Corpses of the slain monsters, stripped of their essence, dissolved into the molten flow. The protective aura that had shielded them from the heat vanished with their death.
Lava surged toward Kaelen. It moved with unnatural speed, a hungry tide. He moved, desperate. But the molten rock was relentless, following his every dodge. To linger was to dissolve into oblivion, like the monstrous dead.
Above, Vulcanis and the Arch-Cinderwyrm fought, a dance of destruction. A searing blast of the wyrm’s breath, deflected by Pyre-edge, roared dangerously close to Kaelen. An explosion of superheated stone and molten spray erupted. Kaelen bore the brunt of it, his skin blistering, his focus wavering.
Kaelen darted, a phantom amidst the chaos, his mind racing. This was not the Scarred Expanse. His control over the geological forces here was tenuous, taxing. Yet, he had to survive. He needed distance from the battling titans.
He leaped across a crumbling obsidian outcropping. It gave way, revealing molten lava beneath. A single misstep meant the end. Kaelen focused. He pulled at the raw, volatile stone. Jagged spires of obsidian erupted from the churning lava, forming precarious, temporary steps. He moved, step by precarious step, the raw mana draining from him with every desperate surge of power.
His vision blurred. His lungs burned, tasting of ash and metal. He collapsed onto a patch of solid volcanic rock, gasping, every muscle screaming in protest. The desperate burst of geomancy had emptied him, leaving him hollow.
The entire Dominion shuddered, a final, climactic tremor. Above, Vulcanis and the Arch-Cinderwyrm’s battle reached its zenith. Vulcanis’s maniacal roar tore through the air, and an enormous force gathered within Pyre-edge. For a fleeting moment, the blade seemed to double in size, shimmering with infernal power.
Vulcanis hurled Pyre-edge. It flew like a meteor, piercing straight through the Arch-Cinderwyrm’s chest. The colossal beast let out a pitiful, dying shriek, plummeting from the sky. Its massive body, thirty metres of scaled agony, crashed onto the lava terrain, scattering molten rock for leagues. Devoid of strength, the wyrm lay sprawled, its last breaths ragged gasps.
Vulcanis descended, landing upon the motionless beast. The Arch-Cinderwyrm’s eyes, glazed with death, stared up at him.
“A year I scoured the Ash Wastes for you,” Vulcanis rumbled, looking down at his prize. “To imbue Pyre-edge with your heart’s essence… so, die with purpose.”

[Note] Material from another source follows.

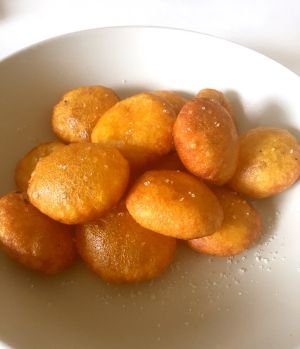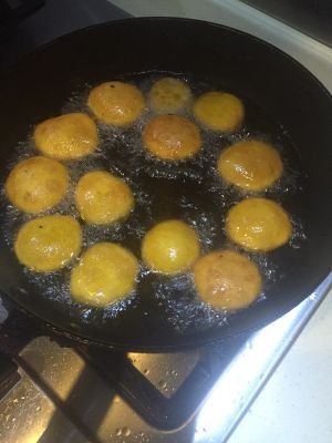 下油锅炸熟,油温不能太高,否则很容易会糊的

He lifted Pyre-edge high, then plunged it into the Arch-Cinderwyrm’s heart. The creature convulsed, a final, feeble struggle against the inevitable. Pyre-edge, embedded deep, glowed with an intense crimson, absorbing the vast reservoir of fiery mana from the Dominion’s final core. The blade heated, becoming molten itself, on the verge of melting.
At the peak of its incandescent heat, Pyre-edge shuddered, then transformed. It reshaped, growing larger, its edges sharper, its very form reflecting the power it had consumed. Vulcanis nodded, satisfied.
Without its core, the Dominion could not hold. The very fabric of the hellish dimension began to tear, unravelling. A crimson portal, a swirling vortex of ash and fire, appeared before the Arch-Cinderwyrm’s cooling remains. The way out.
Vulcanis turned, glancing at Kaelen, his burning gaze piercing. “You linger, fool? Come.”